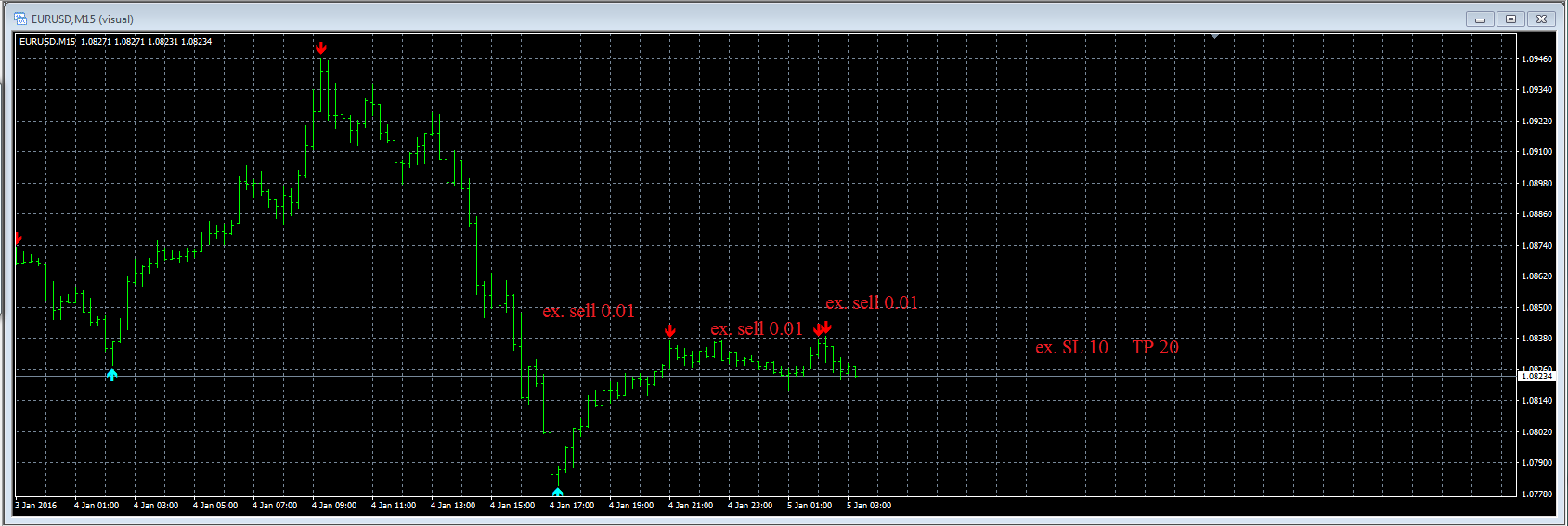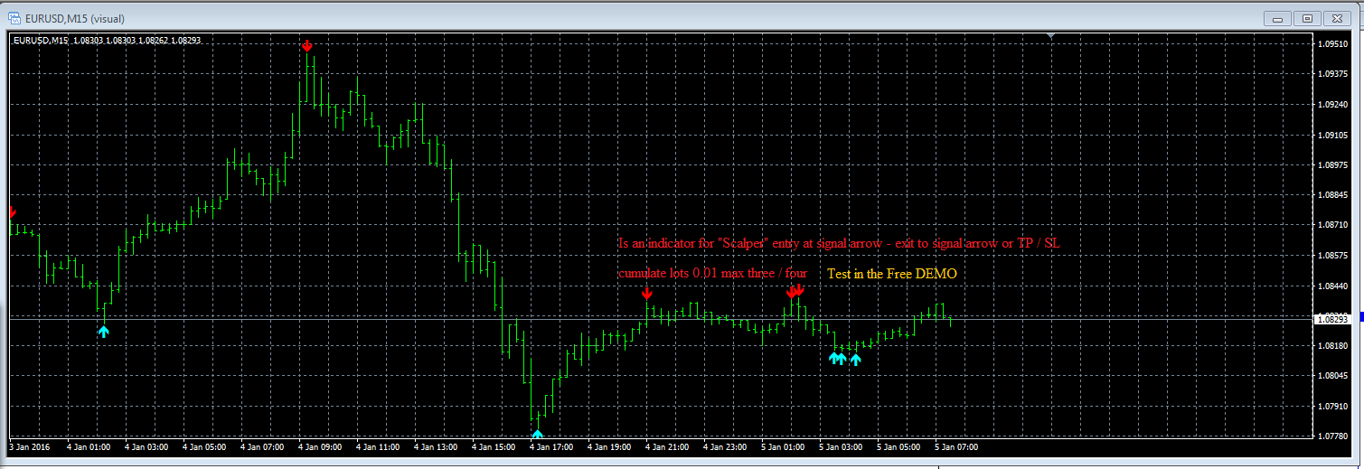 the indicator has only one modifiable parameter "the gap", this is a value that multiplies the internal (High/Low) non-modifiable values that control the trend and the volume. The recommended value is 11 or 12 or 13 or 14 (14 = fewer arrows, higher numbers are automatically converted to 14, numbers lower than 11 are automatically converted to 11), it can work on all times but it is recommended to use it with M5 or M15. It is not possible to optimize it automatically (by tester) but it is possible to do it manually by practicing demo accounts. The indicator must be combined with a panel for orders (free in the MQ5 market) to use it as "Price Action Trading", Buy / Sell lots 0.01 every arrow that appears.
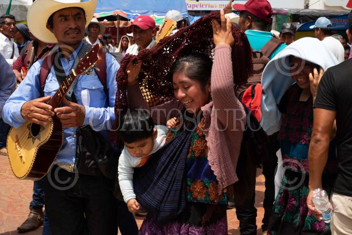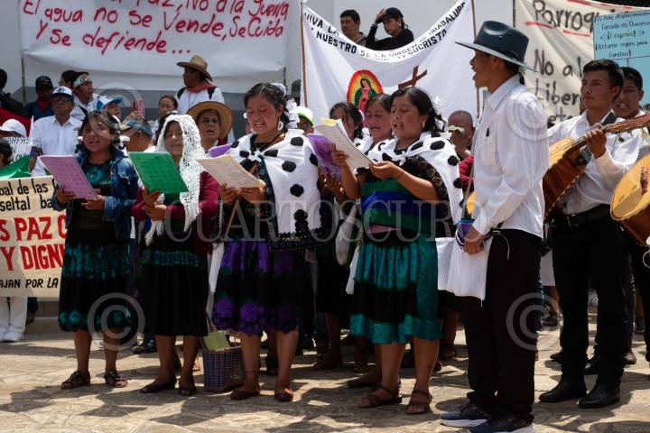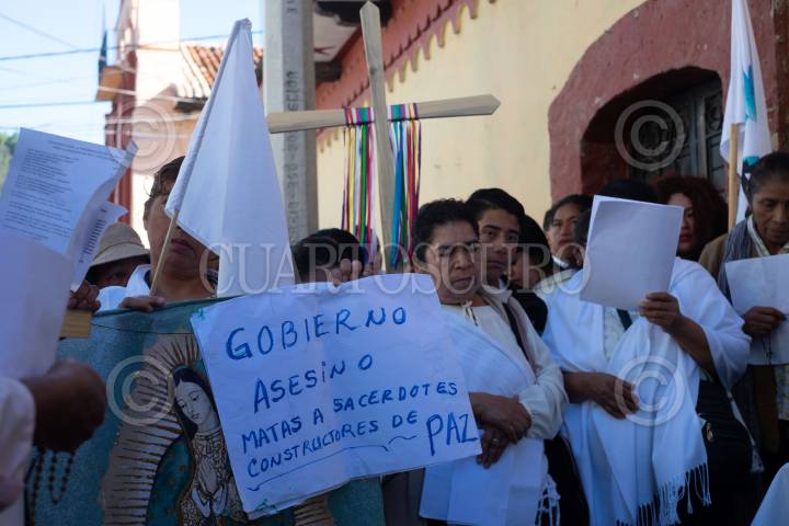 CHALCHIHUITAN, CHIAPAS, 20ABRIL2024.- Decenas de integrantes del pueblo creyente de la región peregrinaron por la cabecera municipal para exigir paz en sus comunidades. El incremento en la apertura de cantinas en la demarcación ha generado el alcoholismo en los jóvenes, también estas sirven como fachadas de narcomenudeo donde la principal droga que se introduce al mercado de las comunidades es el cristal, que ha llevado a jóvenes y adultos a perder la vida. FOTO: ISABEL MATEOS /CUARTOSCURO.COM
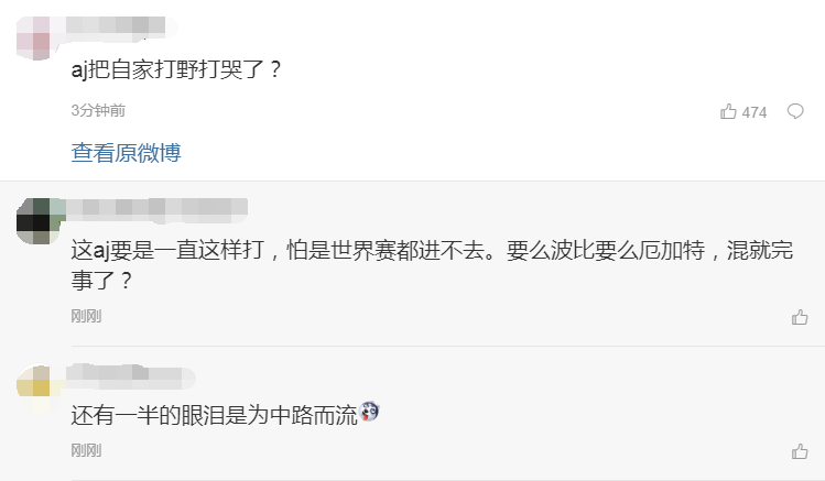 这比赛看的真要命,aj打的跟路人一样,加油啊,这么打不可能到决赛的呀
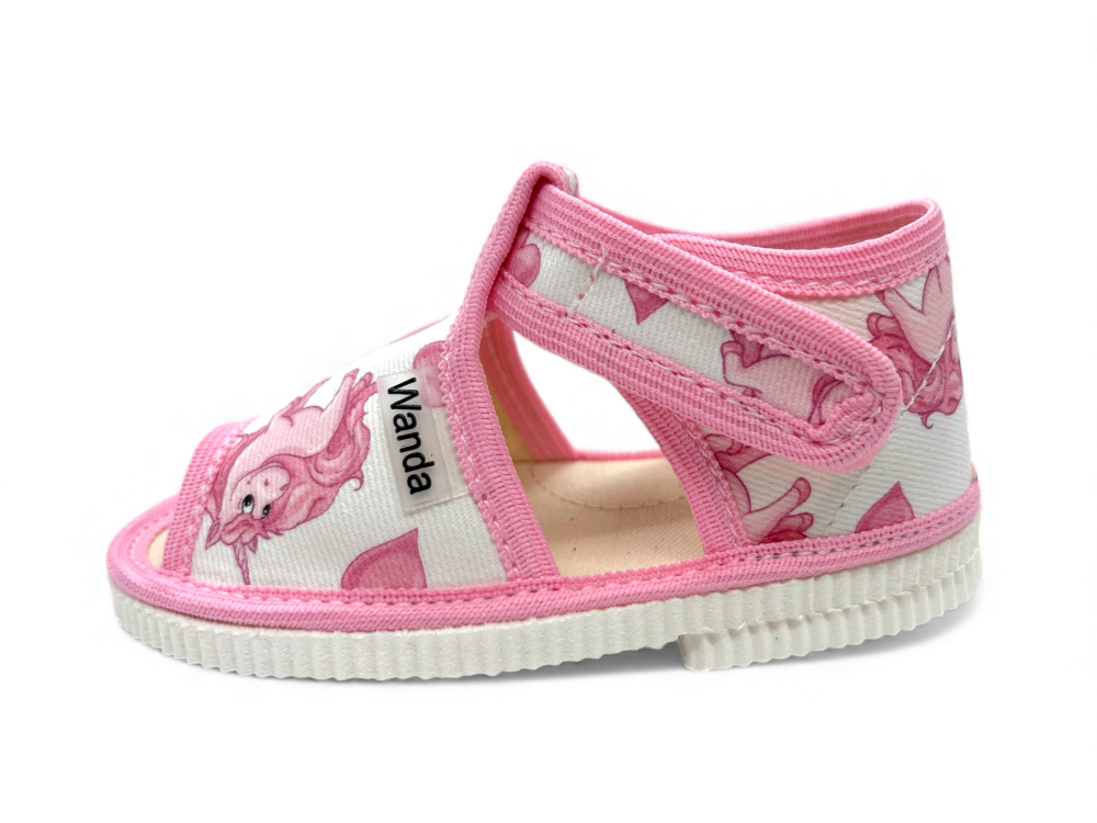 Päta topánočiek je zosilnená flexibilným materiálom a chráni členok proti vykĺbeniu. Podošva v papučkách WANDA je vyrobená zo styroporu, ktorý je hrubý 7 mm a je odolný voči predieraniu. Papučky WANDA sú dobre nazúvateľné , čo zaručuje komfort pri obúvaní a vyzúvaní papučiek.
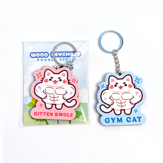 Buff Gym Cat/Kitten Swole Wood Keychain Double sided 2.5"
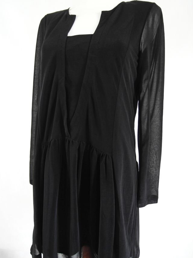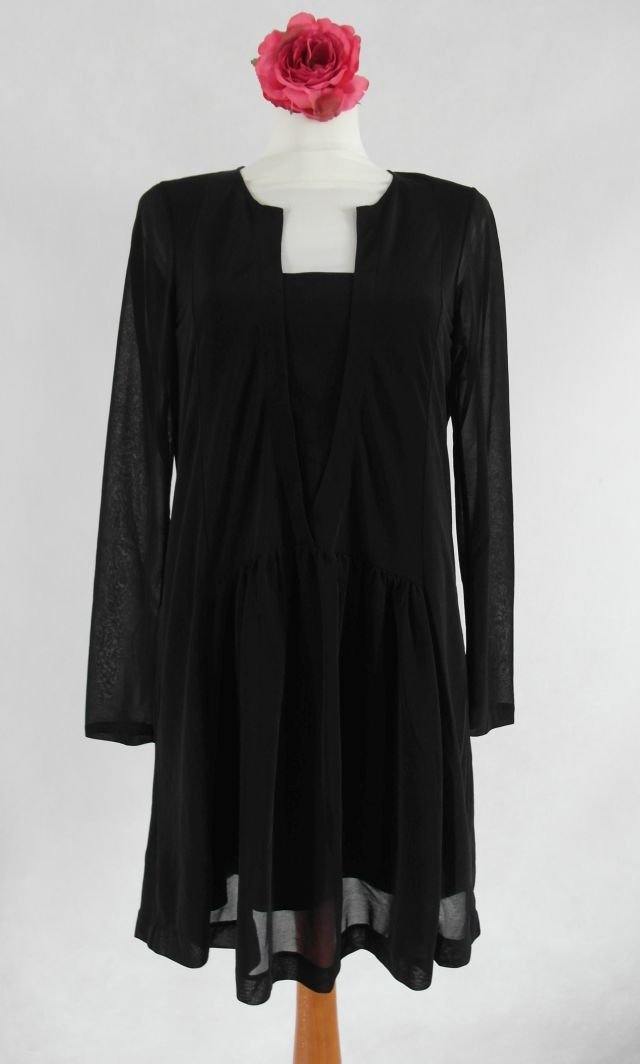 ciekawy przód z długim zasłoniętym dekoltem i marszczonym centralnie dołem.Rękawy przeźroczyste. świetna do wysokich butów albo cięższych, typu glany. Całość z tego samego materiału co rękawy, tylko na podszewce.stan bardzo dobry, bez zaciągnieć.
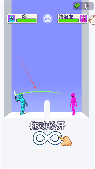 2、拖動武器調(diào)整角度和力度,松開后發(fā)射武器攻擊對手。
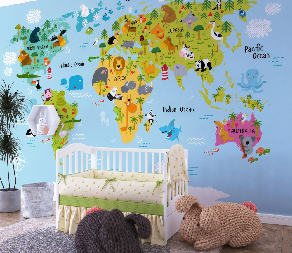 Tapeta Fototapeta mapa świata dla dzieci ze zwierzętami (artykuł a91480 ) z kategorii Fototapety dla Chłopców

▶ _WHAT IS EXPECTED_: The output must match, line for line, the span from the line containing "Buff Gym Cat/Kitten" through the end of the data, with the pictures removed.

▶ _TASK ANSWER_:
 Buff Gym Cat/Kitten Swole Wood Keychain Double sided 2.5"
 ciekawy przód z długim zasłoniętym dekoltem i marszczonym centralnie dołem.Rękawy przeźroczyste. świetna do wysokich butów albo cięższych, typu glany. Całość z tego samego materiału co rękawy, tylko na podszewce.stan bardzo dobry, bez zaciągnieć.
 2、拖動武器調(diào)整角度和力度,松開后發(fā)射武器攻擊對手。
 Tapeta Fototapeta mapa świata dla dzieci ze zwierzętami (artykuł a91480 ) z kategorii Fototapety dla Chłopców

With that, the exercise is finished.